= Transport in Togo =

Transportation in the country of Togo is by road, rail, water or air. In 2025, the country launched a study to develop plans to modernize its road network.

== Railways ==

total:
568 km (2008)

narrow gauge:
568 km of gauge

==Roadways==
total:
7,520 km

paved:
2,376 km

unpaved:
5,144 km (2000)

The Trans–West African Coastal Highway crosses Togo, connecting it to Benin and Nigeria to the east, and Ghana and Ivory Coast to the west. When construction in Liberia and Sierra Leone is finished, the highway will continue west to seven other Economic Community of West African States (ECOWAS) nations. A paved highway also connects Togo northwards to Burkina Faso and from there north-west to Mali and north-east to Niger.

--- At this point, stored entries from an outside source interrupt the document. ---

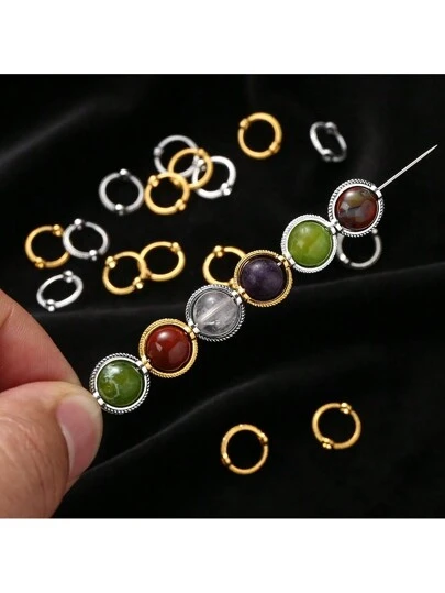 4Amazonia 50pcs/Set Silver & Gold Oval Frame Connector Beads, Jewelry Making Supplies - Multicolor - View 11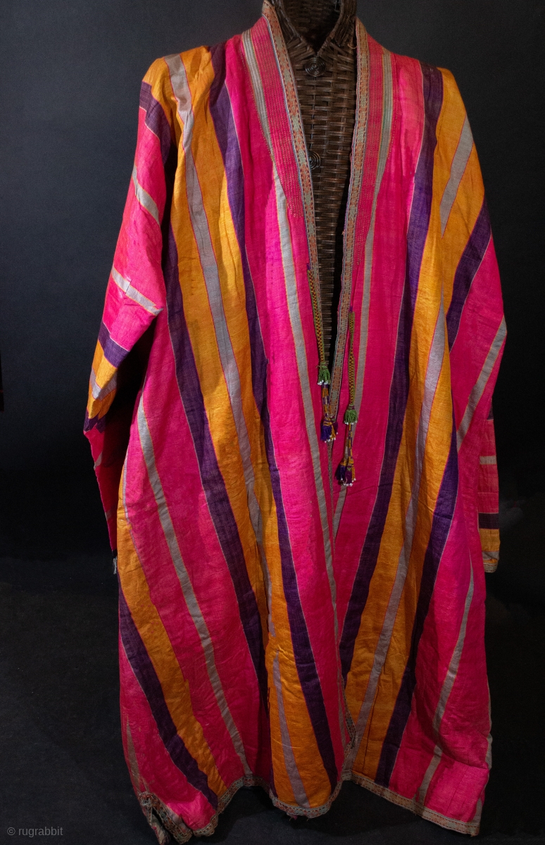 Beautiful early 20th c striped Bukhara coat in wonderful condition. see singkiang.shop for purchase.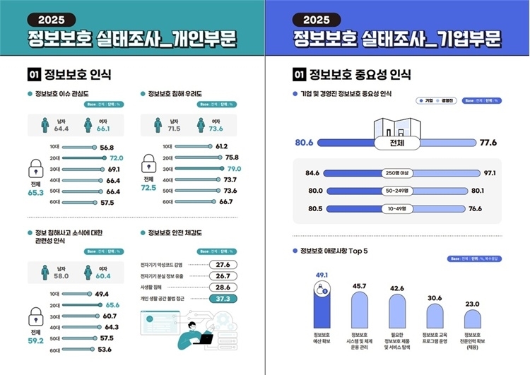 과학기술정보통신부는 한국정보보호산업협회(KISIA)와 함께 국민과 기업의 정보보호 체감 현황을 조사한 ‘2025년 정보보호 실태조사’ 결과를 27일 발표했다. 이번 조사는 5500개 기업과 3000명의 일반 인터넷 이용자를 대상으로 진행됐다.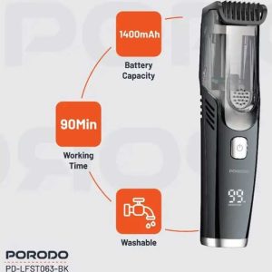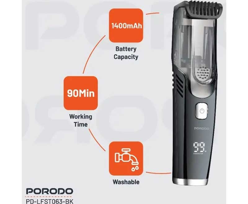 ریش و اصلاح بدن Porodo Lifestyle در رنگ مشکی عملکرد عالی را با ظرافت ترکیب می کند و نهایت راحتی را برای نظافت سریع فراهم می کند. این دستگاه از یک باتری 1400 میلی آمپر ساعتی استفاده می کند که با 3 ساعت شارژ کامل، 90 دقیقه استفاده می کند. سرعت موتور 8000 دور در دقیقه است که برای کوتاه کردن موی دقیق و فوق العاده سریع ایده آل است. با داشتن درجه ضد آب IPX6، تریمر ضد شستشو و مقاوم در برابر آب است و فرآیند تمیز کردن را پس از استفاده آسان می کند. عملکرد مکش هوا داخلی، بریده های مو را به طور موثر جمع می کند و آشفتگی شما را از بین می برد. یک نمایشگر دیجیتالی روی گرومر به شما امکان میدهد بدانید که چقدر عمر باتری باقی مانده است، در حالی که پورت شارژ Type-C شارژ را سریعتر و آسانتر میکند. چه برای ریش و چه برای بدن، این اصلاح همه کاره یک جلسه نظافت تمیز، تصفیه شده و بدون درد را ارائه می دهد.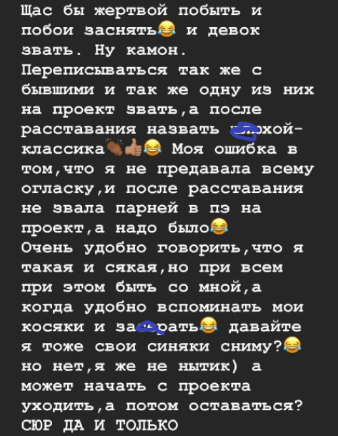 Балыкин говорит, что ему изменили, но была только переписка в начале их отношений, а та легкодоступность Алёны, которая ему якобы мешает, помогла Никите пробиться на проект и закрепиться, заявить о себе. Скандал в этой паре увидим в эфирах 20.02.2022 и обсудим на шлоке, кто из них прав, а кто виноват. Хотя... Два сапога пара?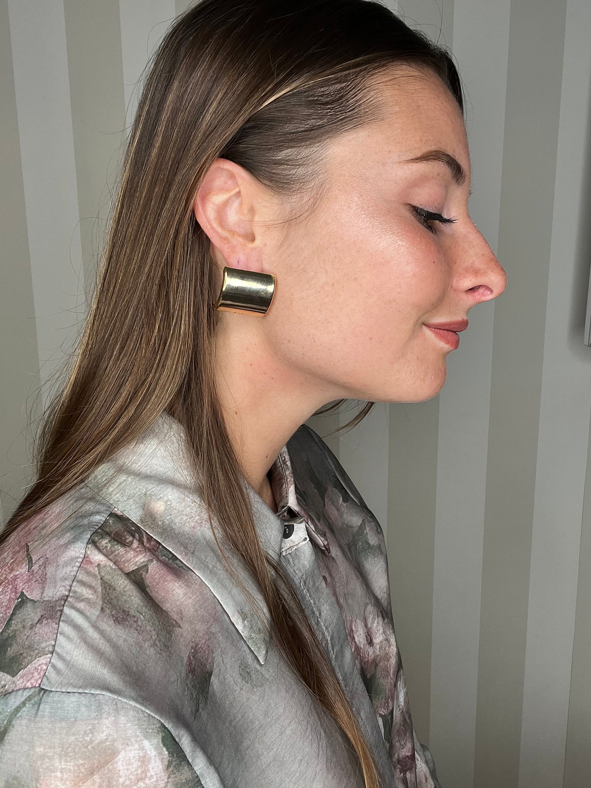 Orecchini a semicerchio in metallo oro lucido con incisione del logo, design minimal e moderno per uno stile essenziale e sofisticato.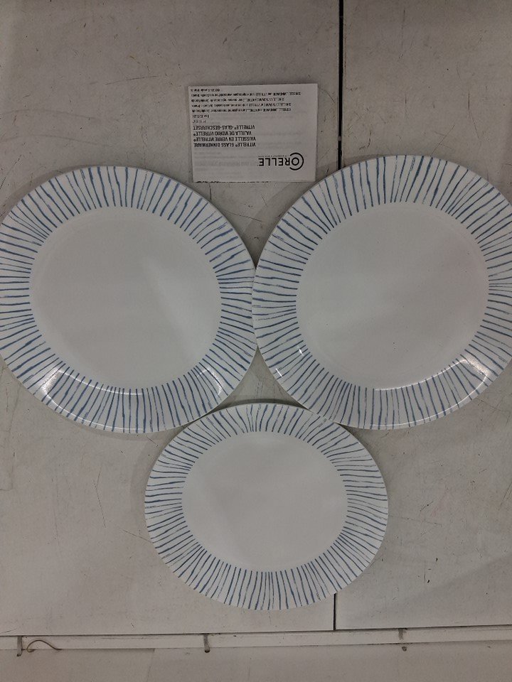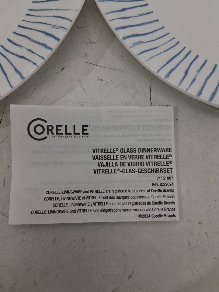 3PK Corelle Vitrelle Glass Dinner Plates Set - 11" - White/Blue Trim (Model: P1151087)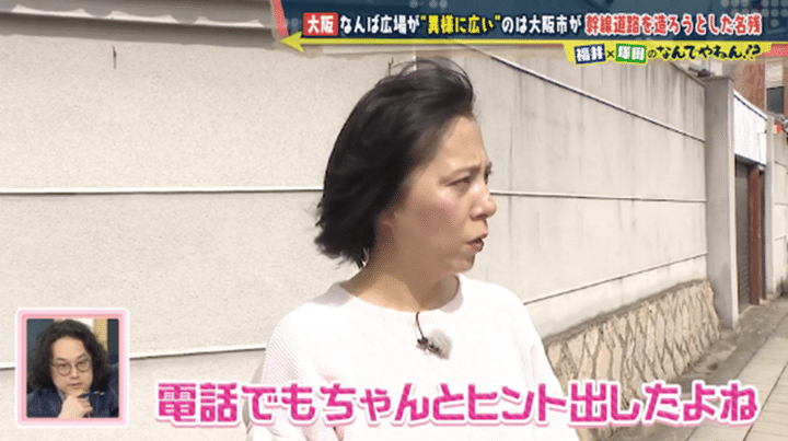 と珍回答。福井アナが「路面電車説」に軌道修正し、大阪の歴史に詳しい歴史探訪プランナー・森なおみさんに方向性を確認してみると———?残念ながら、広場のスペースと路面電車はまったく関係なし!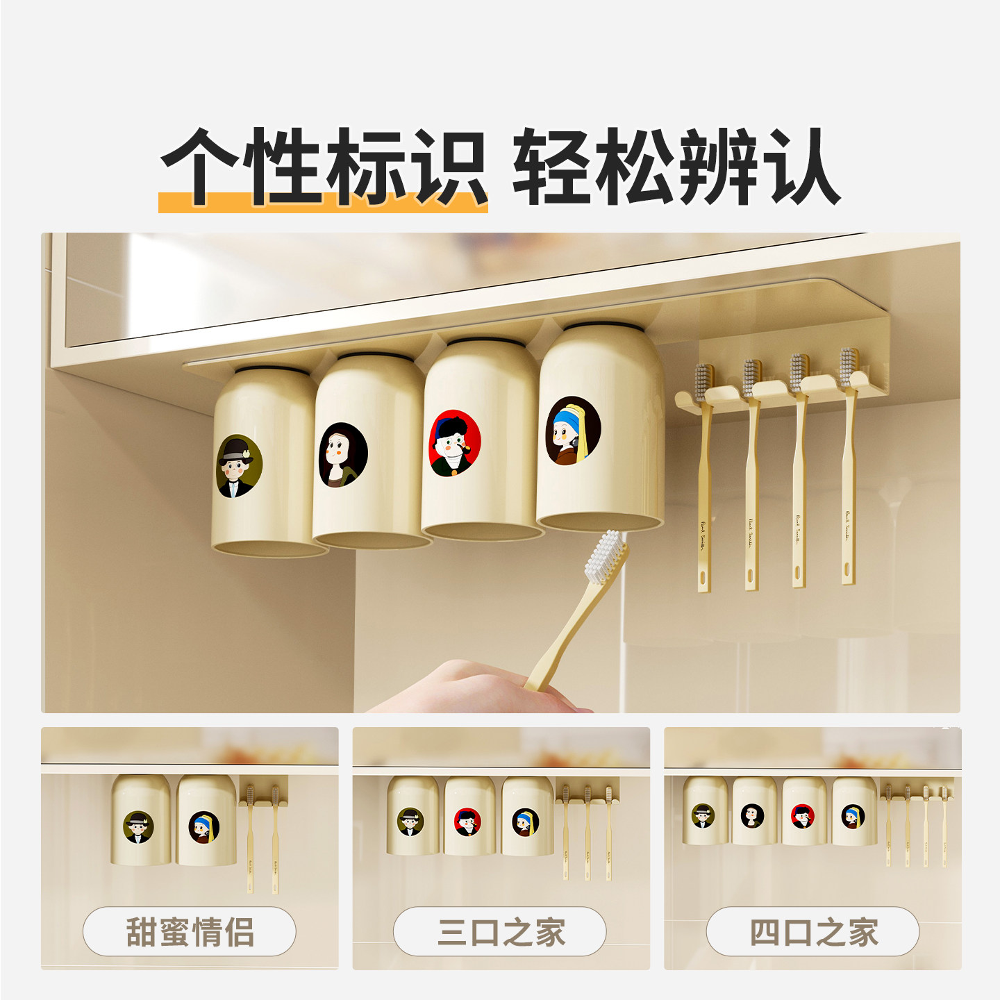 免打孔卫生间牙具座牙膏收纳浴室 牙刷牙杯壁挂置物架电动牙刷套装
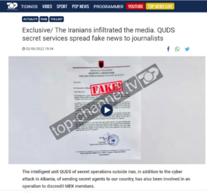 یک منبع اطلاعاتی آلبانیایی فاش کرد: «واحد اطلاعات عملیات مخفی قدس در خارج از ایران، علاوه بر حمله سایبری در آلبانی، با اعزام ماموران مخفی به عملیات بدنام کردن اعضای مجاهدین خلق نیز اشتغال داشته است. این واحد برای تحقق این امر تلاش کرده است تا در رسانههای آلبانی نیز نفوذ کند» (تاپ چنل-۲ اوت ۲۰۲۲)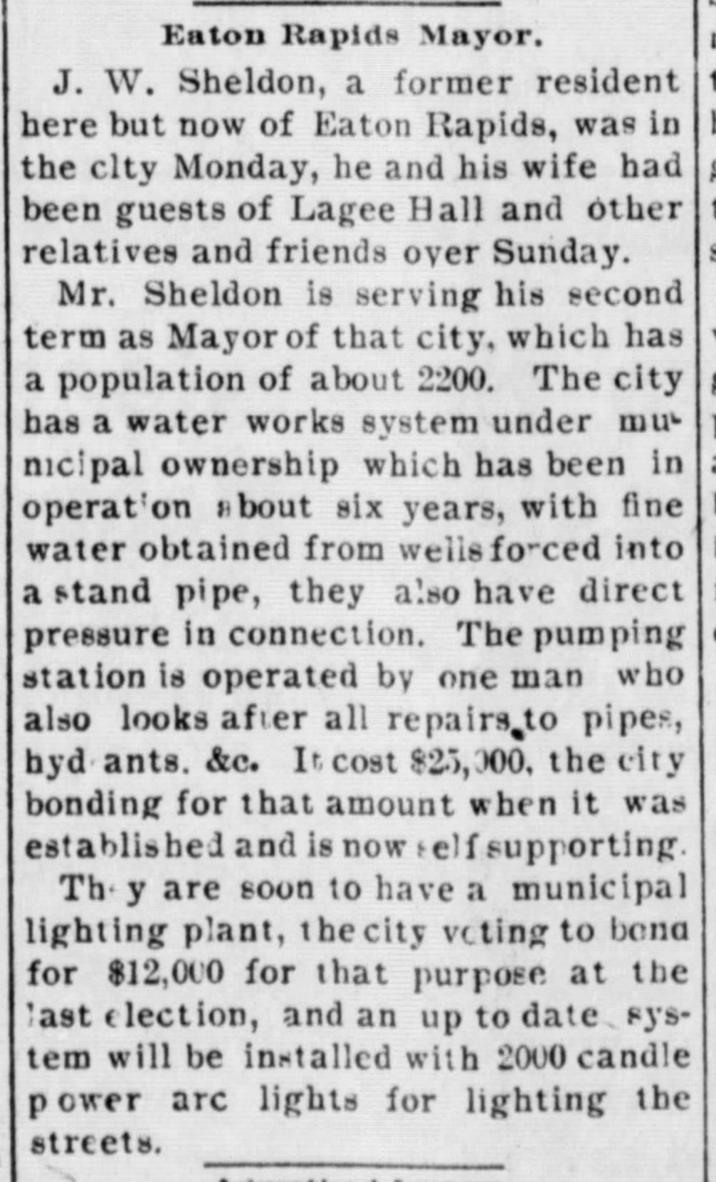 According to a recent property listing his house at 221 State street is a “Superb Victorian Era home built in 1901 by Warren Sheldon. Original and beautiful white oak woodwork throughout. Enter this home and enter an era of Grace and style 5 bedrooms , 2 baths, gorgeous!” A newspaper article from 1904 mentions Justus serving his second term as mayor of Eaton Rapids. He was first mayor in 1899 and then again in 1904.

In 2024, the Russian ride-hailing app Yango was shut down in the country by the Ministry of Transport after concerns for passenger safety. The app began operating in the country four months previously, without prior authorization.

In 2025, the country announced plans to digitize all SOTRAL bus ticket sales in the country by 2026.

== Waterways ==
50 km (seasonally navigable by small craft on the Mono River depending on rainfall. (2011))

== Ports and harbours ==

The port of Lomé is Togo's principal seaport and one of the few natural deep-water ports on the West African coast, serving as a transit gateway for the landlocked countries of Mali, Niger and Burkina Faso. Its Lomé Container Terminal (LCT), operated under a 35-year concession by Terminal Investment Limited (TiL), the terminal-operating arm of MSC, has a 16.6-metre draught and a 1,050-metre quay able to handle container ships of up to 24,000 TEU, with an annual capacity of about 2.2 million TEU, making Lomé a major transshipment hub for the region.
- Kpémé
- Lomé - railhead

== Merchant marine ==

total:
62 ships

ships by type:
bulk carrier 6, cargo 38, carrier 3, chemical tanker 5, container 3, passenger/cargo 1, petroleum tanker 3, refrigerated cargo 1, roll on/roll off 1 (2010)

== Airports ==

8 (2012)

=== Airports - with paved runways ===

total:
2

2,438 to 3,047 m:
2 (2012)
- Lomé-Tokoin Airport
- Niamtougou International Airport
In 2024, the Togo cooperated with Chinese partners to redevelop and modernize the country's capital airport.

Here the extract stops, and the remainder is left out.